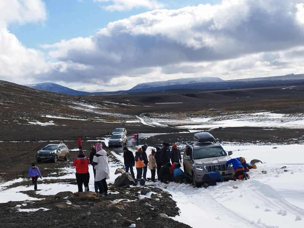 The foundation of our Iceland corporate trip was an exhilarating 4×4 expedition across the rugged interior of the island. Navigating gravel roads in mid-September is no small feat—harsh weather conditions, unexpected snowfall, and icy trails push both vehicles and drivers to their limits. But the reward? An untamed wilderness that felt like it existed just for us, with barely another soul in sight.
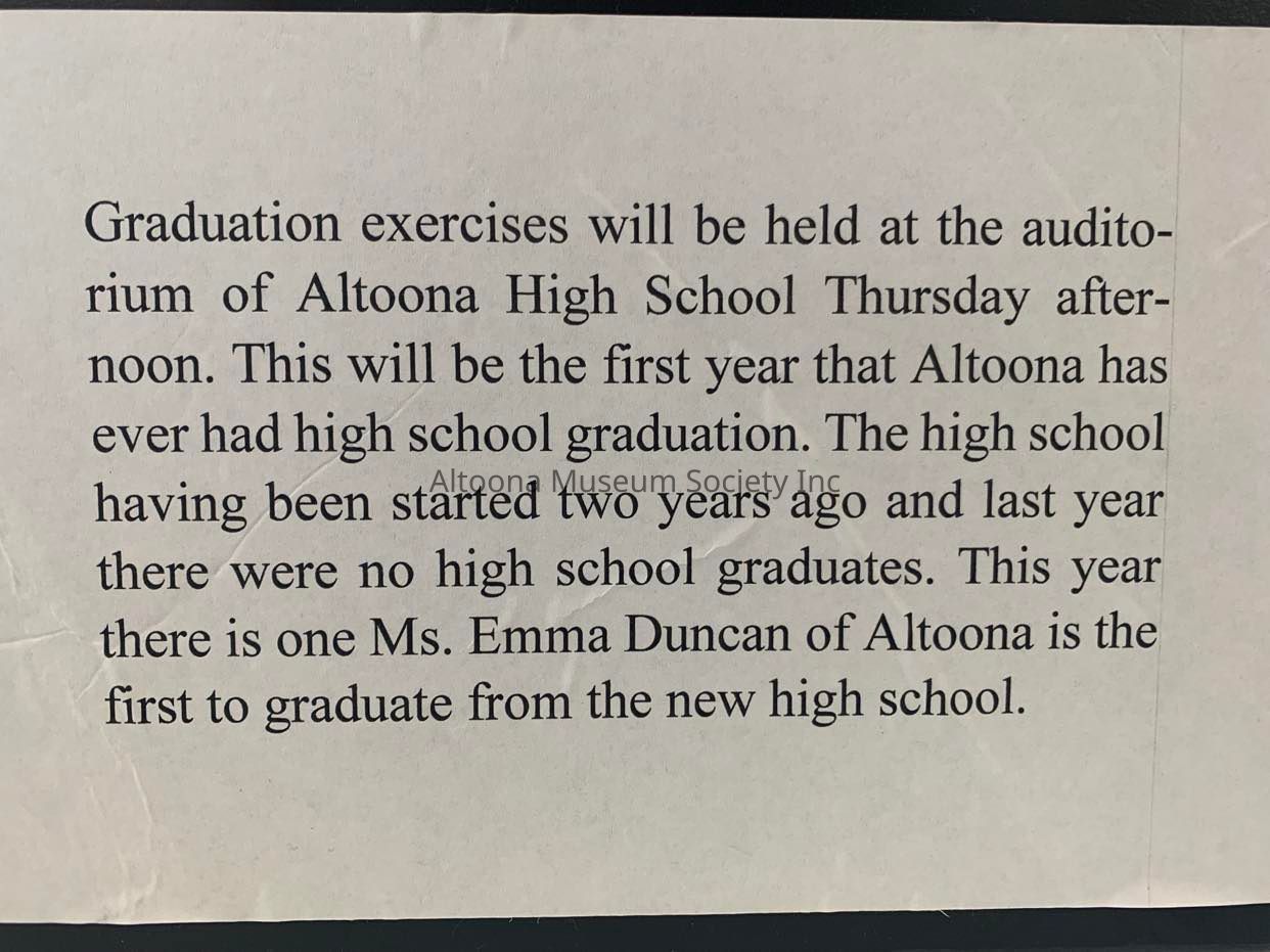 Ms. Emma Duncan 1st graduste of AHS-Graduation held in the Altoona HIgh School Auditorium
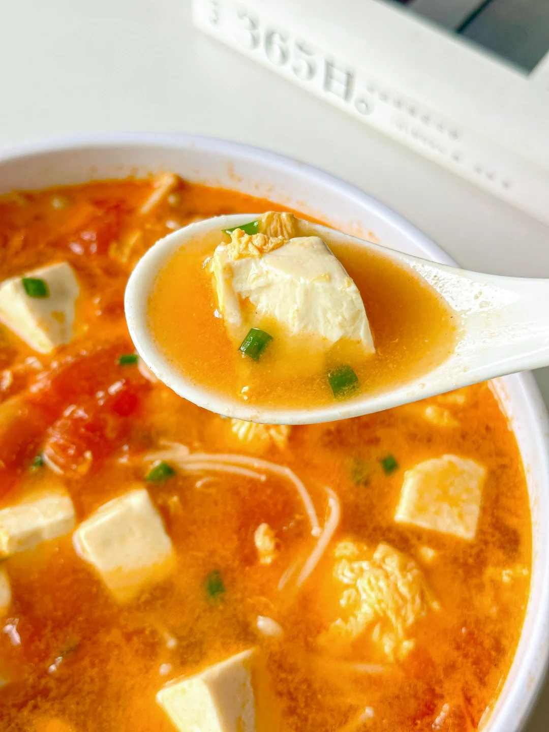 这样做出来的番茄金针菇豆腐汤巨好喝,鲜美还含有高蛋白!卡路里低!特适合减脂人群😇
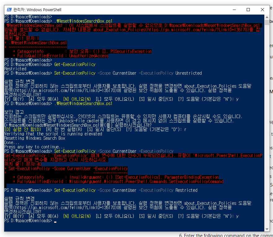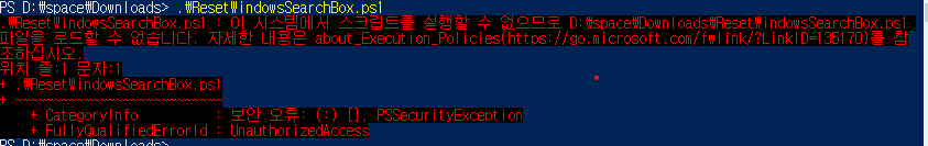 2. cd {다운로드 받은 경로} -> .\ResetWindowsSearchBox.ps1
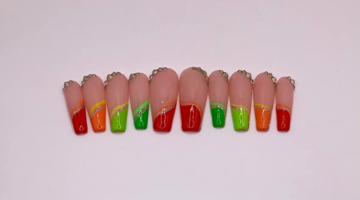 Turn up the heat with these Long Coffin Press-On Nails, featuring a bold red, orange, and green French tip design with a high-gloss finish and small silver rhinestones. The vibrant gradient mimics the colors of a tropical sunset, adding an eye-catching and stylish touch to your look. Handcrafted with premium gel polish and encapsulated for a durable, salon-quality finish, this 10-pack set is available in S,M,L, and PF (precision fit) with our nail sizing service to ensures a flawless, customizable fit. Perfect for those who love bold, tropical-inspired nails with a touch of elegance! Choose from pre-designed sets or customize a unique design just for you. Each set comes with a complete nail prep application kit, application and nail care instructions to ensure a flawless application and prevent damage during removal.

____________________

__PROBLEM DETAILS__: When you repeat the lines above, keep them exact and leave out each image they contain.

__WORKED SOLUTION__:
 The foundation of our Iceland corporate trip was an exhilarating 4×4 expedition across the rugged interior of the island. Navigating gravel roads in mid-September is no small feat—harsh weather conditions, unexpected snowfall, and icy trails push both vehicles and drivers to their limits. But the reward? An untamed wilderness that felt like it existed just for us, with barely another soul in sight.
 Ms. Emma Duncan 1st graduste of AHS-Graduation held in the Altoona HIgh School Auditorium
 这样做出来的番茄金针菇豆腐汤巨好喝,鲜美还含有高蛋白!卡路里低!特适合减脂人群😇
 2. cd {다운로드 받은 경로} -> .\ResetWindowsSearchBox.ps1
 Turn up the heat with these Long Coffin Press-On Nails, featuring a bold red, orange, and green French tip design with a high-gloss finish and small silver rhinestones. The vibrant gradient mimics the colors of a tropical sunset, adding an eye-catching and stylish touch to your look. Handcrafted with premium gel polish and encapsulated for a durable, salon-quality finish, this 10-pack set is available in S,M,L, and PF (precision fit) with our nail sizing service to ensures a flawless, customizable fit. Perfect for those who love bold, tropical-inspired nails with a touch of elegance! Choose from pre-designed sets or customize a unique design just for you. Each set comes with a complete nail prep application kit, application and nail care instructions to ensure a flawless application and prevent damage during removal.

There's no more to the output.